▸ Work instructions
Please reproduce the listing word for word. Pictures stay out.

▸ Exercise data
======

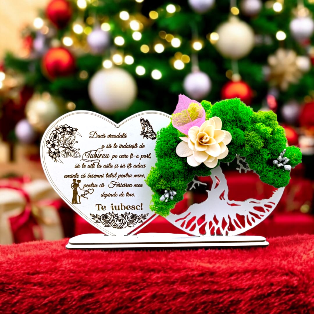 Tablou Inima Copacul vietii decorativ cu suport, personalizat "Daca vreodata te indoiesti de iubirea pe care ti-o port..." , Produs în România de Rustic Wood Decor, dimensiune 30x16cm
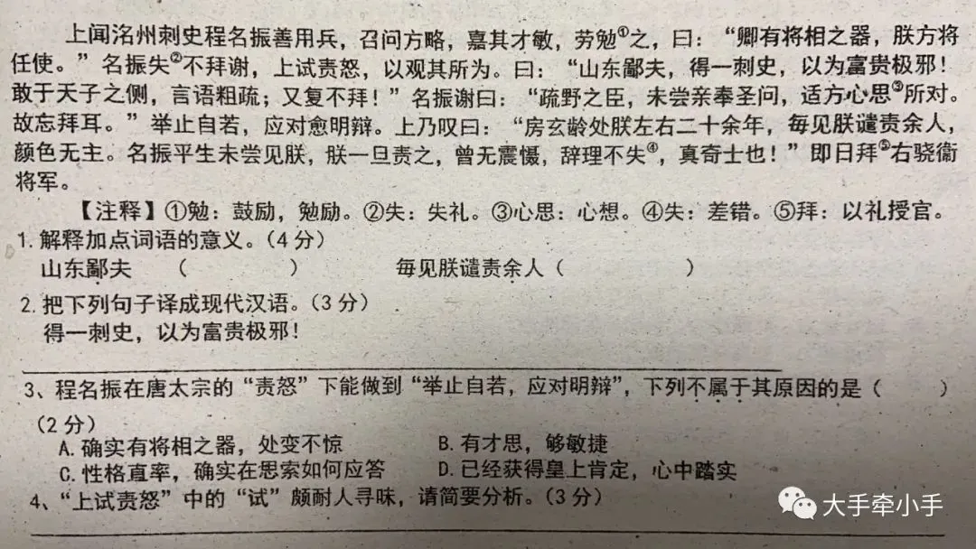 小学可能还没什么感觉,手手君贴一张某初中的文言文题目,你们品品:
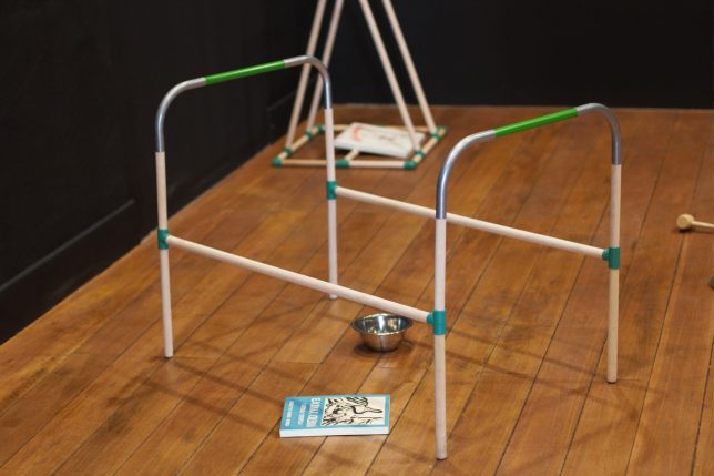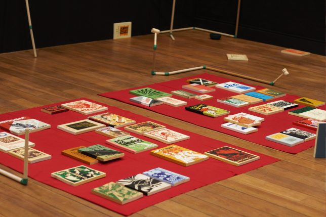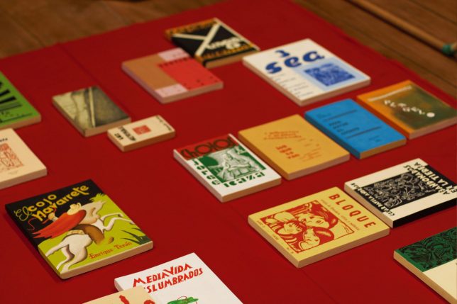 En la descripción de la obra de Ilich Castillo también se lee que es una “instalación que recrea el posible habitáculo de Hugo Mayo o de su personaje Nino Amanolik, como si uno de ellos, en un gesto lúdico y melancólico, dispusiera los rastros de una biblioteca nacional”.

======

▸ Final answer
 Tablou Inima Copacul vietii decorativ cu suport, personalizat "Daca vreodata te indoiesti de iubirea pe care ti-o port..." , Produs în România de Rustic Wood Decor, dimensiune 30x16cm
 小学可能还没什么感觉,手手君贴一张某初中的文言文题目,你们品品:
 En la descripción de la obra de Ilich Castillo también se lee que es una “instalación que recrea el posible habitáculo de Hugo Mayo o de su personaje Nino Amanolik, como si uno de ellos, en un gesto lúdico y melancólico, dispusiera los rastros de una biblioteca nacional”.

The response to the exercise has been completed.